A uniform disk with mass 40.0kg and radius 0.200m is pivoted at its center about

Question

A uniform disk with mass 40.0kg and radius 0.200m is pivoted at its center about a horizontal, frictionless axle that is stationary. The disk is initially at rest, and the a constant force F= 30.0 N is applied tangent to the rim of the disk.

a) What is the magnitude v of the tangential velocity of a point on the rim of the disk after the disk has turned through .200 revolution?

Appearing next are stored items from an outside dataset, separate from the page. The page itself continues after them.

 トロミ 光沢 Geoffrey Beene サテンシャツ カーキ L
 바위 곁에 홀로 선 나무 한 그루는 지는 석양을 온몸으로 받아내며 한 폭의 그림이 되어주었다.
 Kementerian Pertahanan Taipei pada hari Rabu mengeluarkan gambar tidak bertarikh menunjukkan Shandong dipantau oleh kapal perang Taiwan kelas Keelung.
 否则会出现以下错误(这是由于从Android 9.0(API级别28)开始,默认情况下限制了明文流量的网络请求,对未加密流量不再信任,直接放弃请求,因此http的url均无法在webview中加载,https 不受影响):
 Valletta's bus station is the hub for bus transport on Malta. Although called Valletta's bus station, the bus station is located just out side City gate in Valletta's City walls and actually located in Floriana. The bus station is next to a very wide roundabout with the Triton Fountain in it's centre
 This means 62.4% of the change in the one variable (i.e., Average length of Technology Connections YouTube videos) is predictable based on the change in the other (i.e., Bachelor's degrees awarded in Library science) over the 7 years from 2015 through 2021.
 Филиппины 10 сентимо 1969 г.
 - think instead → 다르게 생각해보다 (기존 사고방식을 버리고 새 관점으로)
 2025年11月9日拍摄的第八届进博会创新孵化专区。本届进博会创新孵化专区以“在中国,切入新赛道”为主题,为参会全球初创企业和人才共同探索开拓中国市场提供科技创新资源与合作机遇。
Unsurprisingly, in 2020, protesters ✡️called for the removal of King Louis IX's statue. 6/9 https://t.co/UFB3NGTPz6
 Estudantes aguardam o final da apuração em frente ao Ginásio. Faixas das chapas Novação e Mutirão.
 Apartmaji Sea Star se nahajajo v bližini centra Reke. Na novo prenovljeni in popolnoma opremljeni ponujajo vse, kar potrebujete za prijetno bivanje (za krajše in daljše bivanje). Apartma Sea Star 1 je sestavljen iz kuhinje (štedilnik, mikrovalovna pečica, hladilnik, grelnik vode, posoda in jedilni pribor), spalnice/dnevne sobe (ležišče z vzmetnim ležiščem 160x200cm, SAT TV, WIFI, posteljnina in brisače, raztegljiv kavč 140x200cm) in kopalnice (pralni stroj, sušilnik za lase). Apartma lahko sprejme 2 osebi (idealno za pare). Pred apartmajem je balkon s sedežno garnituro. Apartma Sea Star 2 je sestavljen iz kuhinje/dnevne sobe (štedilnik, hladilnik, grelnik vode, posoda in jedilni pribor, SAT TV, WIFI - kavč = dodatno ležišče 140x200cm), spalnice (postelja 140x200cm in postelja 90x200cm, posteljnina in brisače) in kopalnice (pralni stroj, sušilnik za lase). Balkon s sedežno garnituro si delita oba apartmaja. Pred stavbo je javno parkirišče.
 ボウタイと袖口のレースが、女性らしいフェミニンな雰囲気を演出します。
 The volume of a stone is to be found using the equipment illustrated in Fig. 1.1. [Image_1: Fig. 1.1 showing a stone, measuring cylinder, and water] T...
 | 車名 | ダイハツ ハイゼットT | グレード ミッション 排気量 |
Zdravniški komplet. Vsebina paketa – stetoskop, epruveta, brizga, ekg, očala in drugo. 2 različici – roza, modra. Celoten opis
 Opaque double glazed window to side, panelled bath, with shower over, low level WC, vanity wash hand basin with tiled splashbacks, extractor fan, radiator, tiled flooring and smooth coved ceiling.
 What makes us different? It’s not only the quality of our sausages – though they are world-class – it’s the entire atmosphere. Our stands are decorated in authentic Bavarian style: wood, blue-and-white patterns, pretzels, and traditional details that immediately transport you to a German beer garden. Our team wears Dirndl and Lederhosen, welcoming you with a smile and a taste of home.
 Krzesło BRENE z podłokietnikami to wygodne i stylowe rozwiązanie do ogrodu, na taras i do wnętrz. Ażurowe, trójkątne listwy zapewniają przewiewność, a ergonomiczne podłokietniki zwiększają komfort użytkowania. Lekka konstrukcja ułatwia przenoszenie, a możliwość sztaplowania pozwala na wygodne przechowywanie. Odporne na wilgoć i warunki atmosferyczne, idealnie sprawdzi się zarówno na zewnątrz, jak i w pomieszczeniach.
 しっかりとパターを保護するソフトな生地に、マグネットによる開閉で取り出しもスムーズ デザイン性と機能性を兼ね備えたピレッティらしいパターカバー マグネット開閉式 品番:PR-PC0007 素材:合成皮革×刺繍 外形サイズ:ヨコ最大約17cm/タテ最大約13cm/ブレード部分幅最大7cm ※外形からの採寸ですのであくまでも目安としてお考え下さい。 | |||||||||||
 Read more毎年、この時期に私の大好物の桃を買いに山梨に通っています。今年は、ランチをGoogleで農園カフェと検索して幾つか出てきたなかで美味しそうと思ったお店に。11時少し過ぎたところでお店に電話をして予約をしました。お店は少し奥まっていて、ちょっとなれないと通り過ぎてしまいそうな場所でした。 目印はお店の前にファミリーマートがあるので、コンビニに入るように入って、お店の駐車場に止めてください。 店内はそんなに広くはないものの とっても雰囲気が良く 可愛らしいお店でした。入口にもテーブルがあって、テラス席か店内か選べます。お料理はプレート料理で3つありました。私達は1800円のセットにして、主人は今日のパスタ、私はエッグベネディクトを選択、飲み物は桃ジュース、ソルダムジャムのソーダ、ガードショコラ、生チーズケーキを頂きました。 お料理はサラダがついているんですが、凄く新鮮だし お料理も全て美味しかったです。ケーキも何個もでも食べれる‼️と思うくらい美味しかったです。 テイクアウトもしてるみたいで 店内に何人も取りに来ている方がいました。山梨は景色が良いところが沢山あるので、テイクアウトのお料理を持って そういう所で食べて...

b) What is the magnitude a of the resultant acceleration of a point on the rim of the disk after the disk has turned through .200 revolution?

Explanation / Answer

Here,

mass of disk , m = 40 Kg

radius , r = 0.20 m

F = 30 N

theta = 0.20 rev = 1.26 rad

a)

let the angular acceleration of disk is a

Using second law of motion

I * a = T

0.5 * m * r^2 * a = F * r

0.5 * 40 * 0.20^2 * a = 30 * 0.20

a = 7.5 rad/s^2

Using third equation of motion

wf^2 - wi^2 = 2 * a * theta

wf^2 = 2 * 7.5 * 1.26

wf = 4.35 rad/s

magnitude of tangential velocity = wf * r

magnitude of tangential velocity = 4.35 * 0.200

magnitude of tangential velocity = 0.85 m/s

the magnitude of tangential velocity is 0.85 m/s

b)

centripetal acceleartion , ac = wf^2 * r

ac = 4.35^2 * 0.20

ac = 3.78 rad/s^2

tangential acceleration, at = a * r

at = 4.35 * 0.20

at = 0.87 rad/s^2

resultant acceleration = sqrt(at^2 + ac^2)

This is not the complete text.